About this exercise: Transcribe the listing verbatim, please, with images dropped.

Source data:

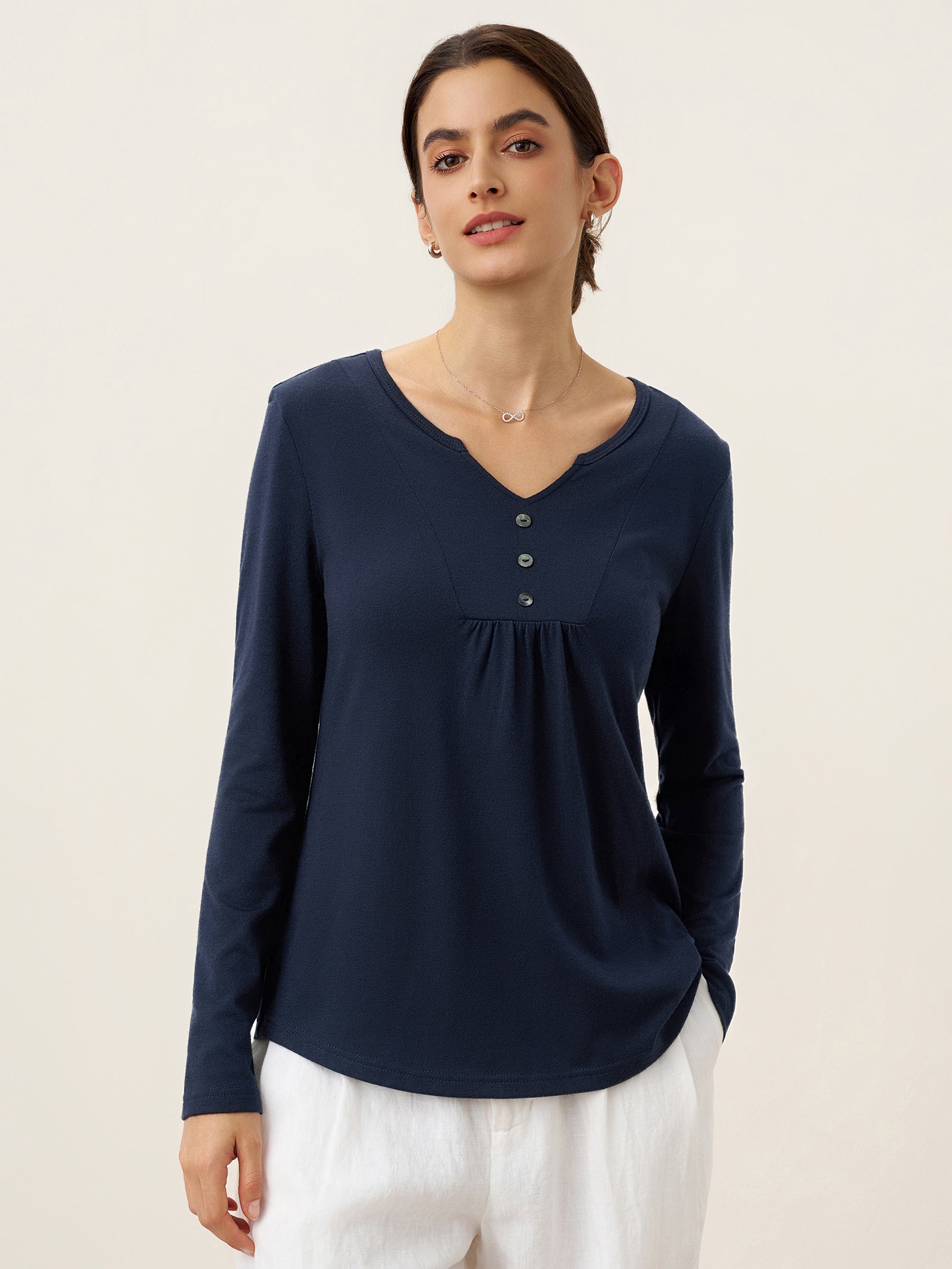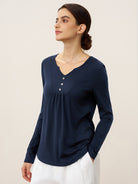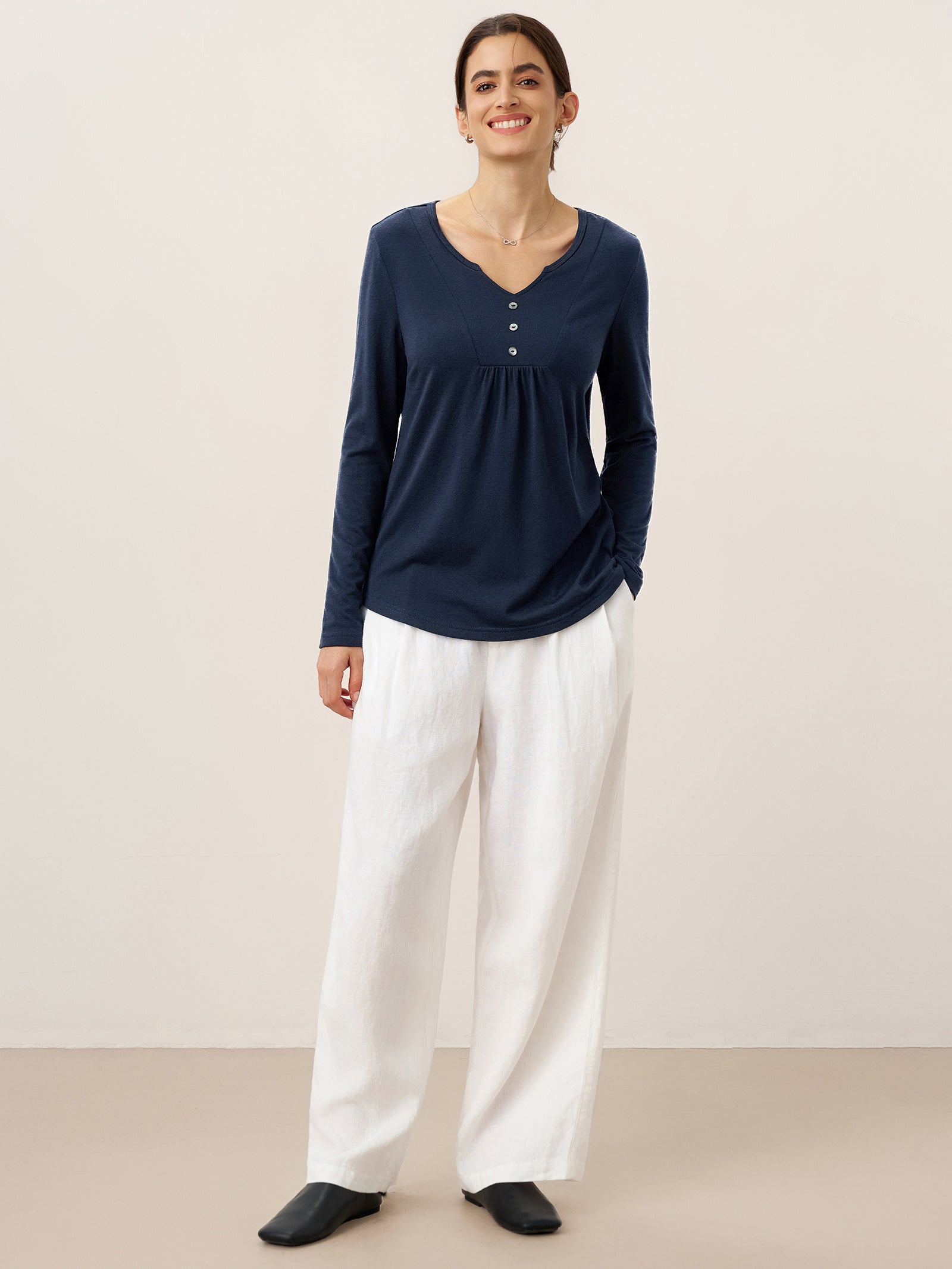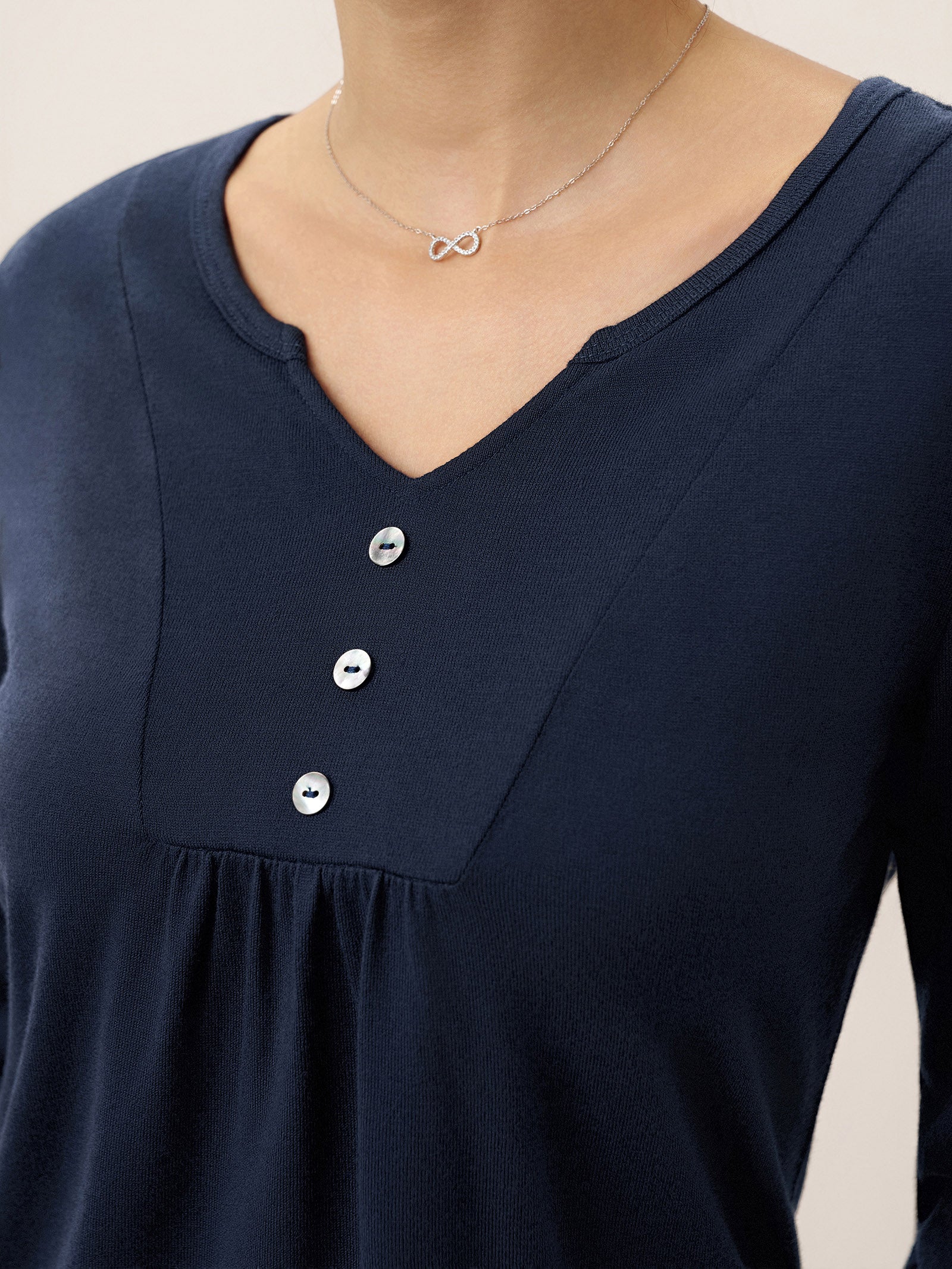Bamboo Viscose Textured Pleated Shell Accent Stretch Top ZINNIA
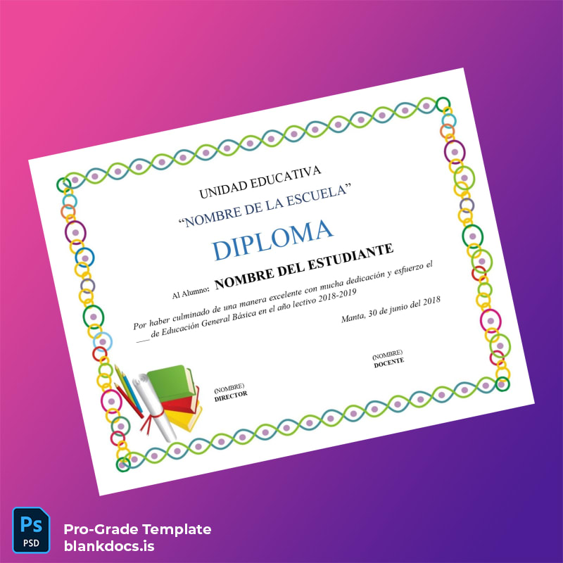 Discover the Ecuador Unidad Educativa Nombre de la Escuela Basic and Preschool Education Diploma Template (Word & PDF), a versatile and fully editable certificate design tailored to meet the needs of educational institutions and professionals seeking to create authentic diplomas quickly. This digitally downloadable template features high-resolution vector graphics, ensuring crisp, professional printing results every time.
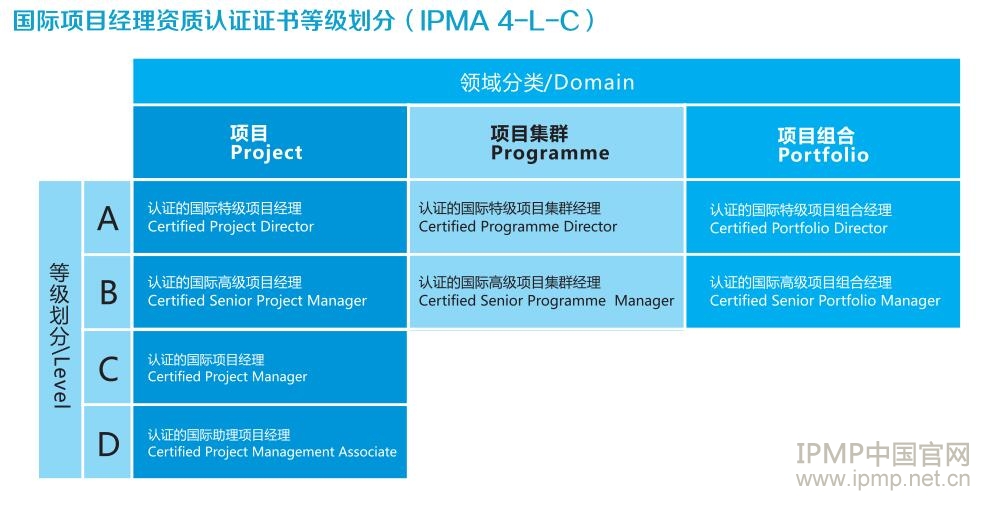 国际项目经理资质认证(International Project Manager Professional,简称IPMP)是国际项目管理协会(International Project Management Association,简称IPMA)在全球推行的四级项目经理资质认证体系的总称。IPMP是对项目管理人员知识、经验和能力水平的综合评估证明,具有广泛的国际认可度和权威性,代表了当今项目管理资格认证的国际水平和世界潮流。IPMA现有近70个成员国组织,由代表各国最具权威性的项目管理专业组织经申请成为IPMA成员国代表,各成员国在各自特殊的文化背景下推动着不同类型的项目管理的专业化发展。同时,IPMA与北美洲、澳洲和南非全国性协会的制度接触实现了国际项目管理协会真正意义上的全球化。

Written response:
Bamboo Viscose Textured Pleated Shell Accent Stretch Top ZINNIA
 Discover the Ecuador Unidad Educativa Nombre de la Escuela Basic and Preschool Education Diploma Template (Word & PDF), a versatile and fully editable certificate design tailored to meet the needs of educational institutions and professionals seeking to create authentic diplomas quickly. This digitally downloadable template features high-resolution vector graphics, ensuring crisp, professional printing results every time.
 国际项目经理资质认证(International Project Manager Professional,简称IPMP)是国际项目管理协会(International Project Management Association,简称IPMA)在全球推行的四级项目经理资质认证体系的总称。IPMP是对项目管理人员知识、经验和能力水平的综合评估证明,具有广泛的国际认可度和权威性,代表了当今项目管理资格认证的国际水平和世界潮流。IPMA现有近70个成员国组织,由代表各国最具权威性的项目管理专业组织经申请成为IPMA成员国代表,各成员国在各自特殊的文化背景下推动着不同类型的项目管理的专业化发展。同时,IPMA与北美洲、澳洲和南非全国性协会的制度接触实现了国际项目管理协会真正意义上的全球化。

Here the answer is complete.